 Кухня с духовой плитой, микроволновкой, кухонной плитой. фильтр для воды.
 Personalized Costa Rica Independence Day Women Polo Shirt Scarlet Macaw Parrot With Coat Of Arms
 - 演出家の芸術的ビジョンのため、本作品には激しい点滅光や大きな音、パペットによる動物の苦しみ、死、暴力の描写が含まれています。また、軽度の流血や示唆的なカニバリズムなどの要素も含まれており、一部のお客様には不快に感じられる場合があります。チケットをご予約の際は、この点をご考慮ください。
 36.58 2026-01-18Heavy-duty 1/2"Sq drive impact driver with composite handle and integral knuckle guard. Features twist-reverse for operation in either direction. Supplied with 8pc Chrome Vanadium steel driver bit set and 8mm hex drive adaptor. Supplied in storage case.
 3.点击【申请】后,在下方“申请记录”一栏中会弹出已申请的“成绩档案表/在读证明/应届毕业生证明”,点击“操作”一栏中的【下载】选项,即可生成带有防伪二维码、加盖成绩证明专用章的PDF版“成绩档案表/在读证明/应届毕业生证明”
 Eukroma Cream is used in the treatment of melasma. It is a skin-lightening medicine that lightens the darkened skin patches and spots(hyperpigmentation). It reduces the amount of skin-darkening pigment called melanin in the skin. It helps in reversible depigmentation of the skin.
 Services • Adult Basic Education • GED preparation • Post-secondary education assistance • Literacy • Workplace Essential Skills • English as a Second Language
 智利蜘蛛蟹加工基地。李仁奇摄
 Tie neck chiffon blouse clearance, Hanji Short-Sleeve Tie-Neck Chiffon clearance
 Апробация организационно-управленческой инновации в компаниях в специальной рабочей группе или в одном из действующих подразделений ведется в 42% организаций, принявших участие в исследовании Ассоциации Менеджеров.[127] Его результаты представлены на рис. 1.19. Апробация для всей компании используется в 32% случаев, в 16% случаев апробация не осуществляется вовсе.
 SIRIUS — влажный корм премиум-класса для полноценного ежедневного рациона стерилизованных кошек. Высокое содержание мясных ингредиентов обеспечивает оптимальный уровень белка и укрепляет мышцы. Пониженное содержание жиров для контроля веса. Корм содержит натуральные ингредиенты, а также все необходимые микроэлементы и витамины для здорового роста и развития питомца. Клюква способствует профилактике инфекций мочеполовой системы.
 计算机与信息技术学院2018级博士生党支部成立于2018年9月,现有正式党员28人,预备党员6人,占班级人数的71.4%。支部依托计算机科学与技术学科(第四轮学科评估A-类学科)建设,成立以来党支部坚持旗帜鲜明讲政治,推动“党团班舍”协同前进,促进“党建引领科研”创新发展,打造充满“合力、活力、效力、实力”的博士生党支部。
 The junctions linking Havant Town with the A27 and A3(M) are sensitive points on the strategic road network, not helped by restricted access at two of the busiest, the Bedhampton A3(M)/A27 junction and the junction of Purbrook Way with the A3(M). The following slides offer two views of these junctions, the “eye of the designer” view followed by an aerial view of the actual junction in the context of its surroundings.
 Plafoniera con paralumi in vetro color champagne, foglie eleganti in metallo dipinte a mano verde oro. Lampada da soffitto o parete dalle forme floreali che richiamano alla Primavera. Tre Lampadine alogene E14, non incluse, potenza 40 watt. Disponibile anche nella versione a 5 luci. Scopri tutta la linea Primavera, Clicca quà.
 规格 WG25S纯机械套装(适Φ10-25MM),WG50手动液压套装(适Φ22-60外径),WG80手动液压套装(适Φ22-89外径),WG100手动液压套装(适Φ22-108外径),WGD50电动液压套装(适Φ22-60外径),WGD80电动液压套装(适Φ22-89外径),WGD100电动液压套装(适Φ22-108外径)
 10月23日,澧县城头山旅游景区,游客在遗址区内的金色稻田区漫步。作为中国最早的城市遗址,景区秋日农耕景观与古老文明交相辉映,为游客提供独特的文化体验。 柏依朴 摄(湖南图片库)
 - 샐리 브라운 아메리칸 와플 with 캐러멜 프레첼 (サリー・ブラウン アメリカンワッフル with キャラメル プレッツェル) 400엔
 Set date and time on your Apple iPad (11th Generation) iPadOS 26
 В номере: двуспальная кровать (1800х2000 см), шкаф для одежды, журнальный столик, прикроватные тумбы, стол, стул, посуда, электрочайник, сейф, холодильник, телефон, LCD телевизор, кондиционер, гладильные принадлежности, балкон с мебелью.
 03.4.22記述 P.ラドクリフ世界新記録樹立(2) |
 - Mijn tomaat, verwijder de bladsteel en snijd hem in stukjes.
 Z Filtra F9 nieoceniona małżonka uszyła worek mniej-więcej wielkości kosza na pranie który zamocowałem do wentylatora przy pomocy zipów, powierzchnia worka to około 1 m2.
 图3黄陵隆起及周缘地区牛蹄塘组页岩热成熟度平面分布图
○ ○ ○ ○ ○
> **YOUR ASSIGNMENT**: Taking the records from the top, repeat each line exactly until you have repeated the line that contains "- 演出家の芸術的ビジョンの".

> **WORKED SOLUTION**:
 Кухня с духовой плитой, микроволновкой, кухонной плитой. фильтр для воды.
 Personalized Costa Rica Independence Day Women Polo Shirt Scarlet Macaw Parrot With Coat Of Arms
 - 演出家の芸術的ビジョンのため、本作品には激しい点滅光や大きな音、パペットによる動物の苦しみ、死、暴力の描写が含まれています。また、軽度の流血や示唆的なカニバリズムなどの要素も含まれており、一部のお客様には不快に感じられる場合があります。チケットをご予約の際は、この点をご考慮ください。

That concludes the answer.